I spilled a beer on myself, so I went back to my place to change. The city marshall was at my door with a warrant. That beer cost me 760 bucks.
I get credit on the assist, you can thank me by taking a pic of her ass under the covers and sending it to me. It would make my YEAR
I passed out drunk and Jane had created a picnic on my chest. I had chips and a hamburger laid out on my boobs. The only reason I woke up is she was trying to feed me too.
Where are you? I hear fireworks and you've gone missing. I'm sure that is not coincidence.
I keep telling myself that if Britney can make it through 2007, I can make it through this date.

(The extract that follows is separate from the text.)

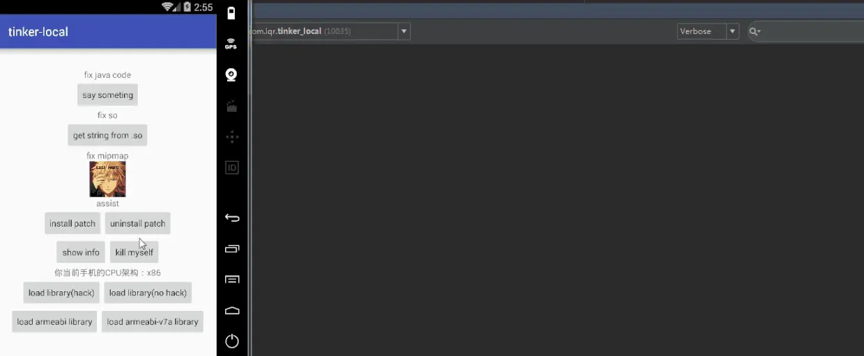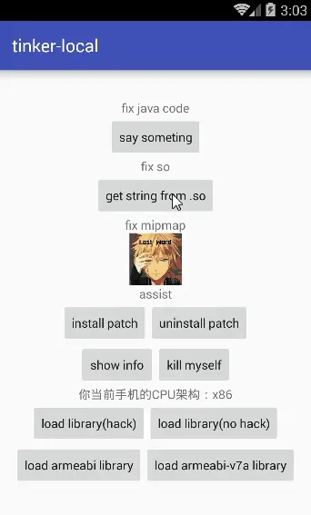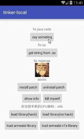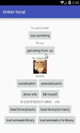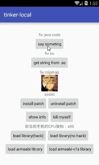 可以看到,在install patch之前,点击"get string from .so"按钮时,还是吐司"Hello LQR"。 点击"install patch"按钮后,会提示"patch success,please restart process",说明Tinker已经打上补丁了。 这时点击"show info",可以看到"patch is not loaded",说明当前补丁还没有生效。 最后,点击"kill myself"按钮,杀死当前app(进程)。

Always wear a seatbelt when giving road head. I think I'm just going to tell people I don't remember how I got the fat lip.
There's no way you didn't at least start out with a dick. I obviously know there isn't one now, but there is no way that you were born a girl
I was so drunk last night I couldn't see faces, only from the shoulders down.
Got an egg Mcmuffin combo, and put the hash brown in the sandwich. That level of hungover
I'm not asking for life coaching, I'm just asking if you know where I left my underpants.
she grabed my junk and started making lightsaber noises
I wonder if you could get her in a metal bikini
Just let me pee on you and I'll leave you alone.
I had a dream involving the worlds smallest pony, an asphalt volcano, and jimi hendrix. Never smoking 3 bowls before bed again
A guy at my table is reading a magazine called "Cheese Connoisseur"
That's because I've spent the past 21 years convincing my parents the only emotions I have are sarcasm and bitterness.